In recent years, inflatable supports have come into extensive use and are used widely in hospitals to prevent and treat decubitous ulcers which are commonly referred to as bed sores. A primary cause of bed sores is the inability of the patient to move so as to relieve pressure points. These pressure points typically occur in the area of a bony protuberance which results in a cut-off of the blood flow in the skin and soft tissue adjacent to the protuberance when distortion of capillary blood vessels curtails blood flow. When the blood flow in the capillaries is blocked due to excessive external interface pressure, the cells in that area begin to die and may result in a wound which is called a bed sore. Mobile persons do not have this problem because they continually move even when asleep which eliminates the cut-off of blood flow for too long a period.
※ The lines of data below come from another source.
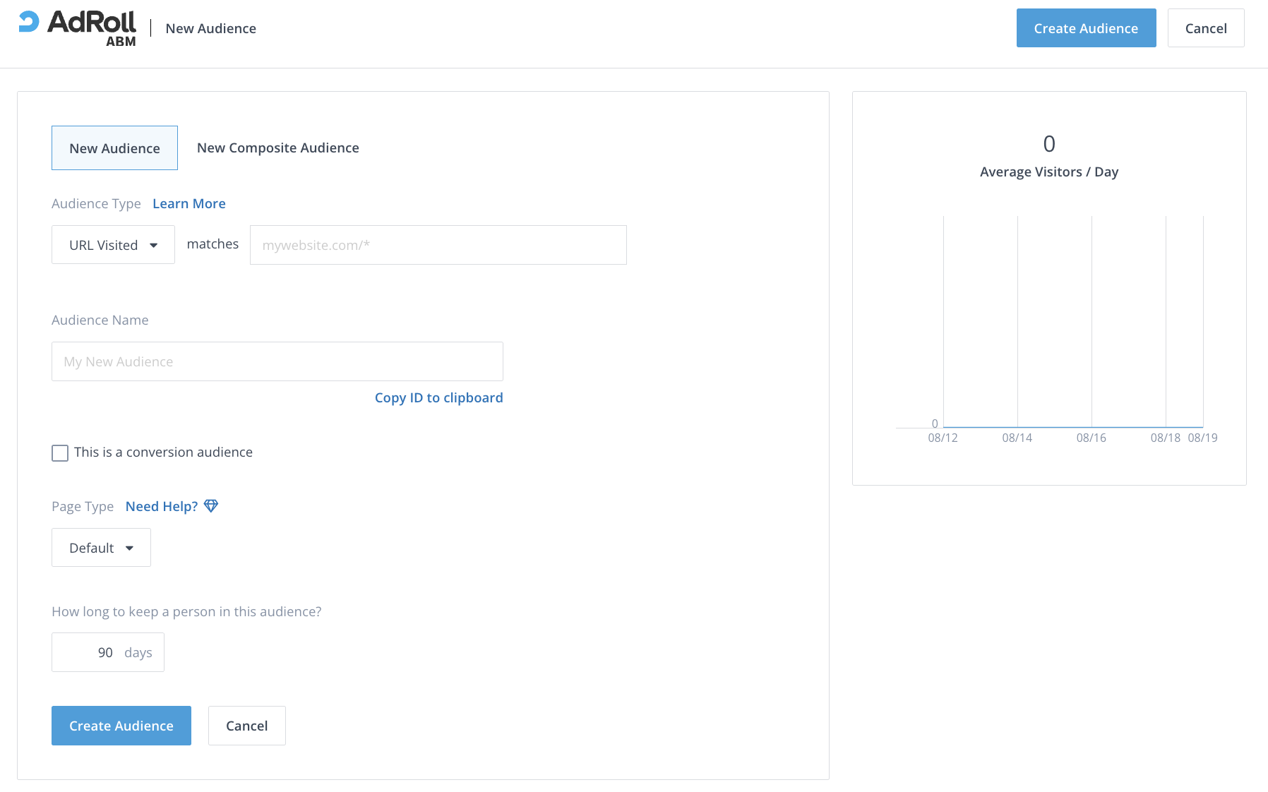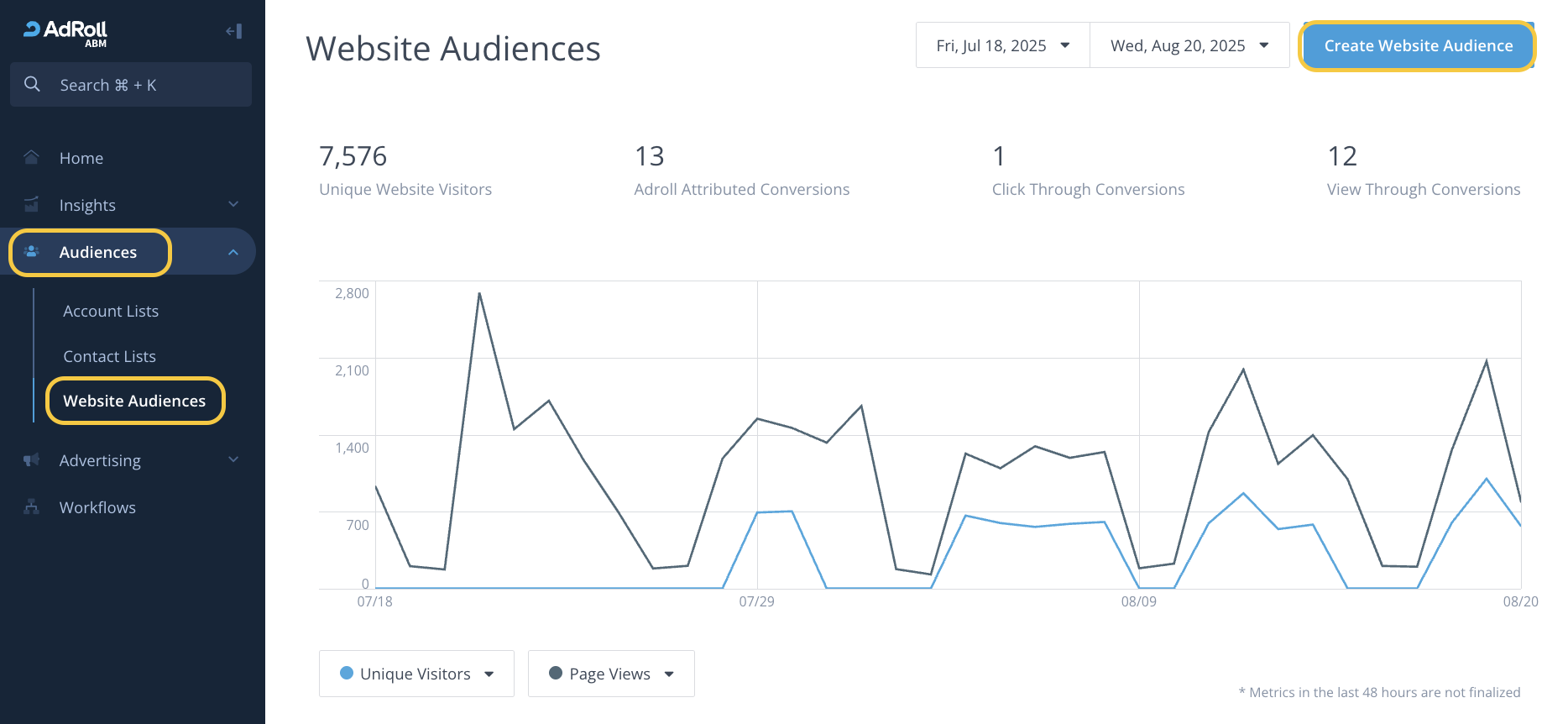 - Log in to AdRoll ABM and navigate to Audiences > Website Audiences
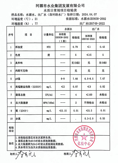 2024年4月7日水質(zhì)檢驗報告
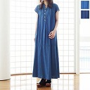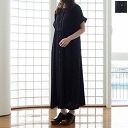 PASSIONE (パシオーネ) スキッパー フレアシルエット 半袖 バックボタン ロング ワンピース 226115 |
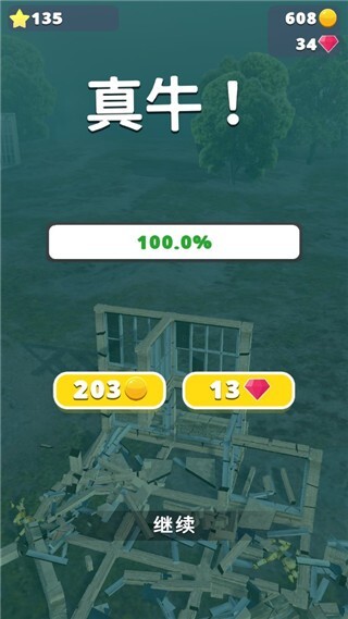 3、达成拆家目标可获得金币奖励,利用金币能提升武器威力与角色速度,进而挑战更复杂的房屋场景。通过当前关卡后,即可解锁下一关的地图。
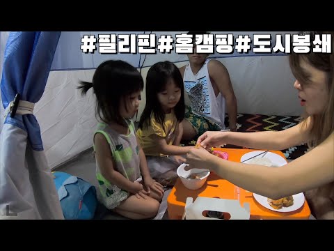 격리된 딸들을 위해 그냥 집에다 텐트 치고 캠핑 했습니다!! 반응 실화? | 필리핀 봉쇄 브이로그 | 한필커플
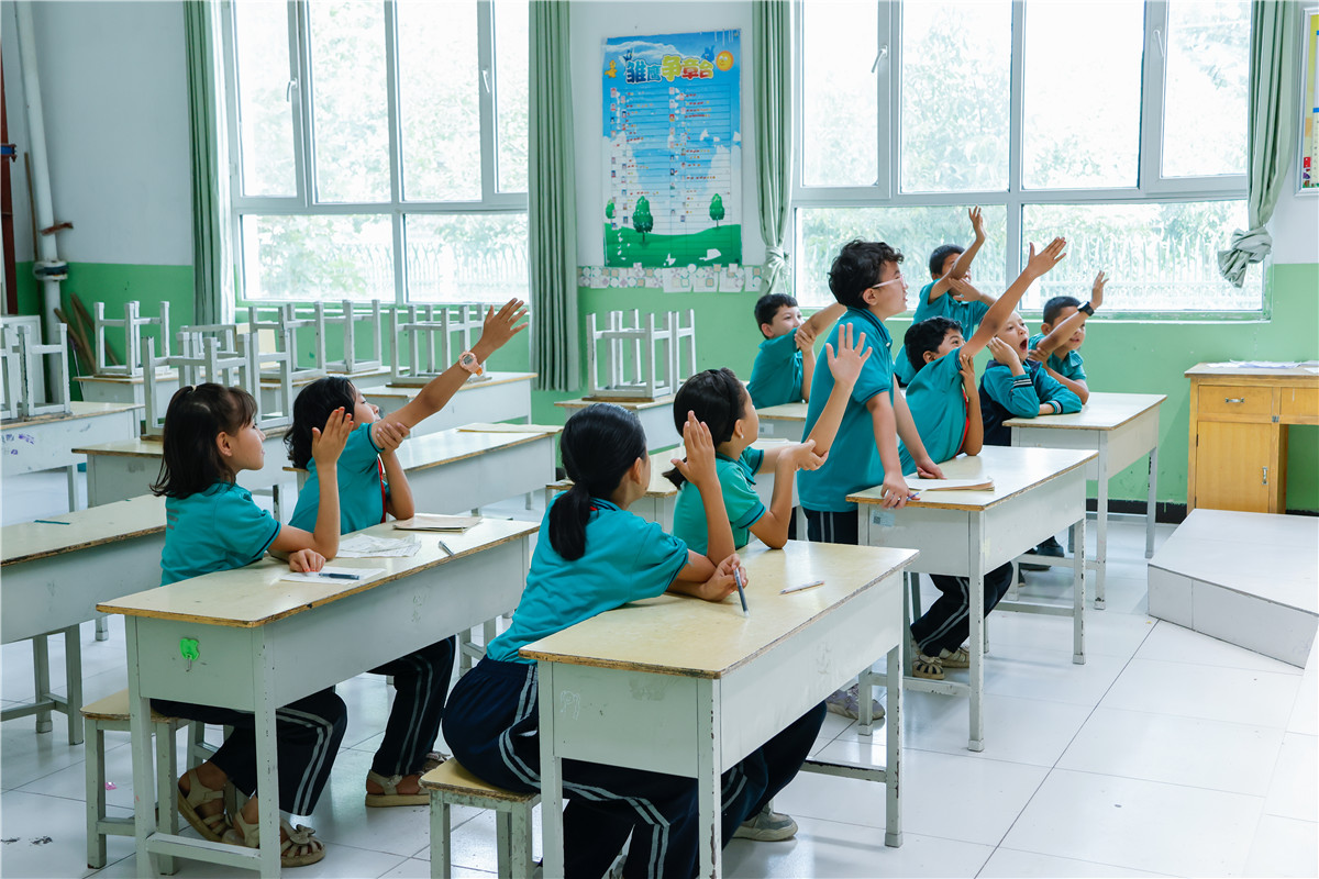 课堂上孩子们积极举手发言,气氛热烈。
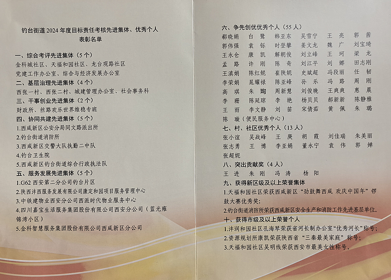 近日,灃西集團子公司——陜西灃西服務發展有限公司(以下簡稱“灃西服務”)北部回遷片區康定和園項目榮獲釣臺街道黨工委、釣臺街道辦事處頒發的2024年度目標責任考核“服務發展先進集體”榮譽稱號,標志著灃西服務在“紅色物業”黨建品牌建設與服務品質提升方面實現了雙重突破為構建和諧、文明的社區環境,貢獻了力量贏得了良好的社會聲譽和口碑?。
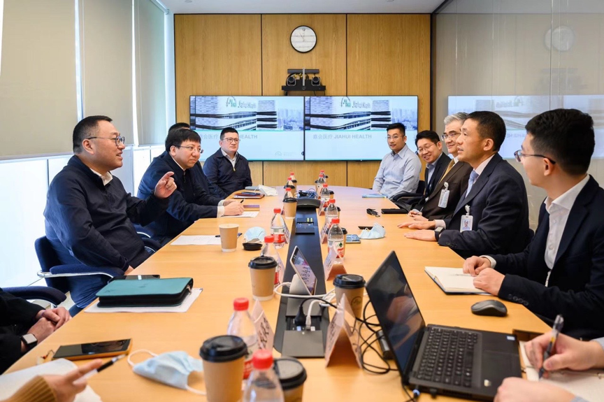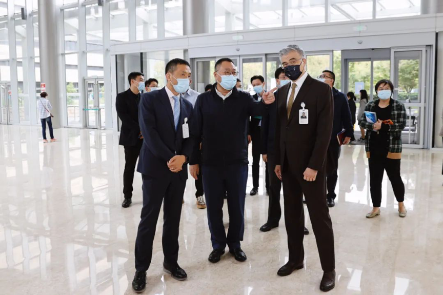 曹书记一行详细了解了医院运行以及在大健康行业的战略布局情况,实地调研了医院门诊、住院楼,认可了嘉会五年来的扎实发展,肯定了嘉会在疫情期间为徐汇抗击疫情作出的贡献,并希望嘉会国际医院充分发挥国际化医疗资源优势,满足各类人群的差异化医疗需求。

A typical inflatable support system for the prevention of bed sores has a plurality of parallel cells alternately inflated to provide support for the user.
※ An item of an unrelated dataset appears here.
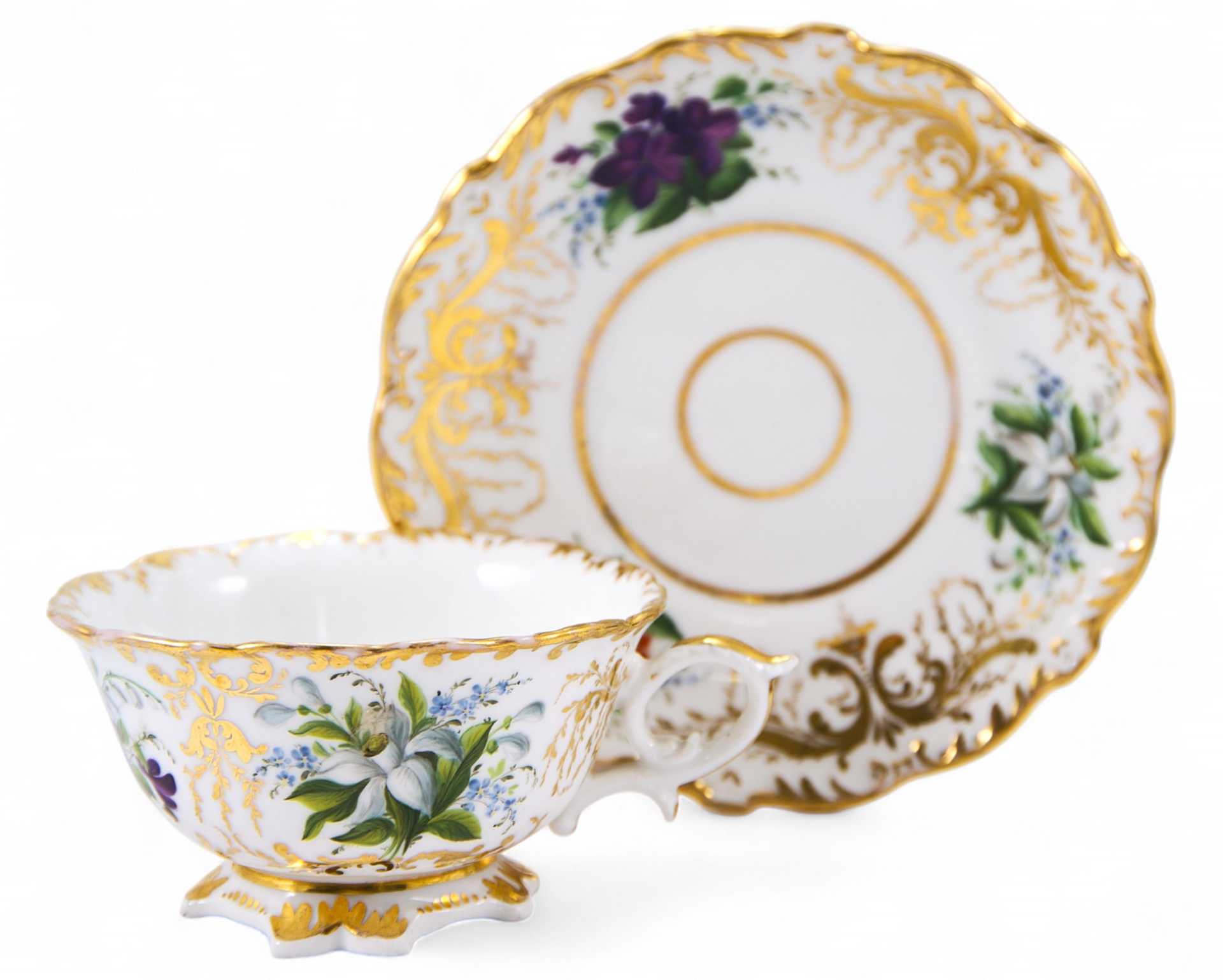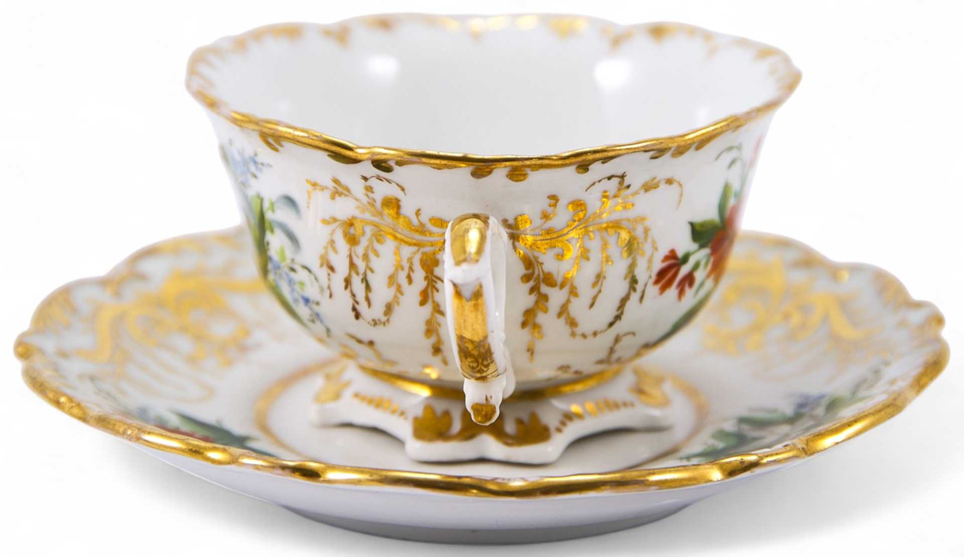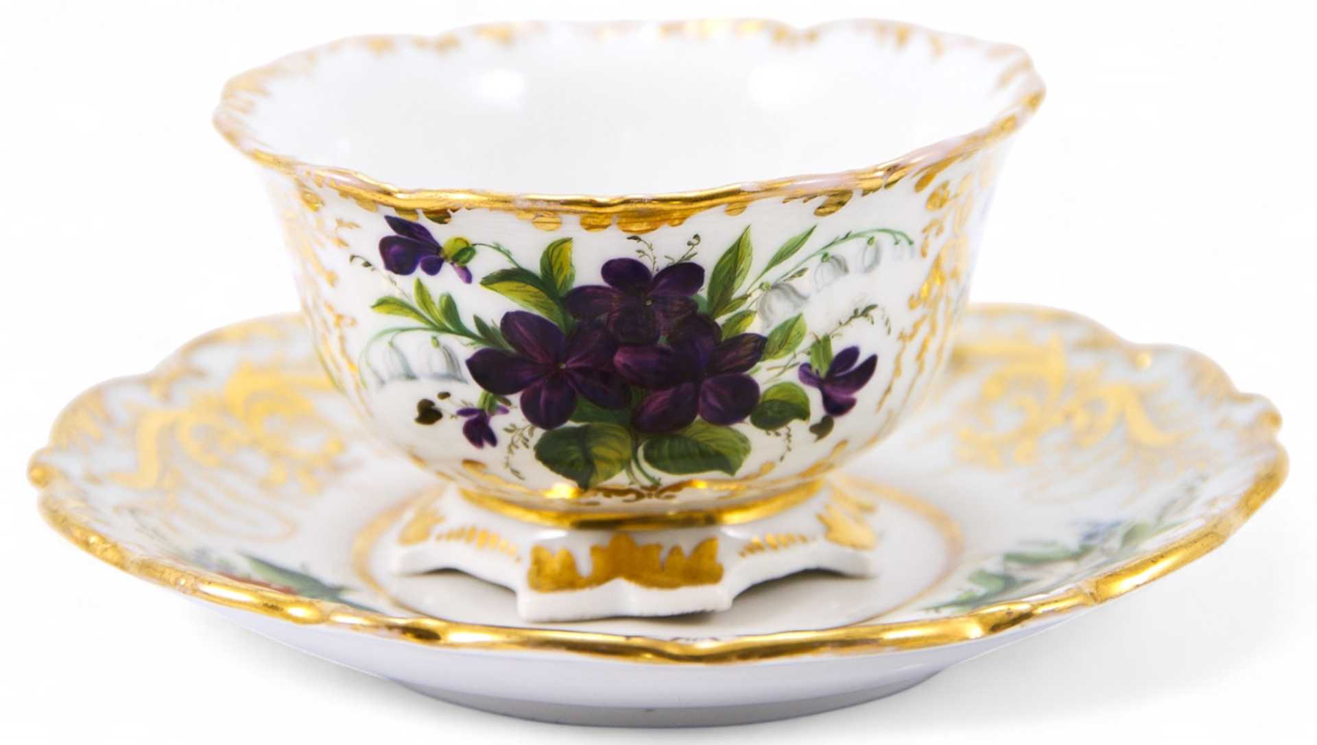 Представлена чайная пара, форма которой характерна для середины XIX в., когда форма чашки на толстой подставке и eč декоративное оформление сочетают в себе стили бидермейера и нео-рококо. В росписи использованы изображения фиалок, лилий, гвоздик и маргариток - это традиционные символы невинности, чистоты, победы и любви Уровень

The inflatable support system may comprise an alternating pad or mattress for a bed or similar system for a seat.

It has been found that with such inflatable support systems the end portion or zone on which a person's heels rest when in a supine position are particularly prone to developing sores. This is exacerbated because the inflatable cells are of similar size and of such diameter that in the end zone the person's heel can either rest on an individual cell or between adjacent cells, either case being undesirable for achieving effective therapeutic bed sore relief.

One aspect of the present invention provides an inflatable support for providing pressure relief to a person resting on the support which support comprises a plurality of inflatable cells extending transversely of the support in which a group of main cells form the main body of the support and a further group of cells are disposed adjacent one end of the support to provide an end zone and wherein the end zone cells are of smaller diameter, and more numerous in number per unit area of the support, than that of the main cells.

In such an arrangement the smaller diameter end zone cells preferably are inflated to a higher pressure than the other cells of the support. Moreover, in order to achieve the desired therapeutic effect, the cells of the support are pressurized to selected predetermined pressures in predetermined sequences which is controlled by a distributor device according to the invention.

Another aspect of the invention provides a system for mitigating the development of decubitous ulcers, the system comprising an inflatable support having a plurality of inflatable cells for providing pressure relief to a person resting on the support, and comprising a distributor device for controlling ingress and egress of fluid to the cells of the support, the device having a fluid intake and fluid inlet and outlet ports and being operable selectively to cause pressurized fluid to be supplied from the fluid intake to one or more inlet ports to cause inflation of one or more cells of the inflatable body while causing fluid simultaneously to be exhausted from one or more outlet ports to cause deflation of one or more other of the cells in one mode of operation, and/or is operable to cause selected inlet ports to be supplied with pressurized fluid from the intake so that selected cells receive fluid to a predetermined pressure sequentially while causing fluid simultaneously to be exhausted from one or more exhaust ports, in another mode of operation, and further to cause all the ports, and thus cells, to be put in communication with the fluid intake and with one another, in yet another mode of operation, and to cause all the ports to be isolated from the fluid intake so that all the cells can deflate, in a still further mode of operation.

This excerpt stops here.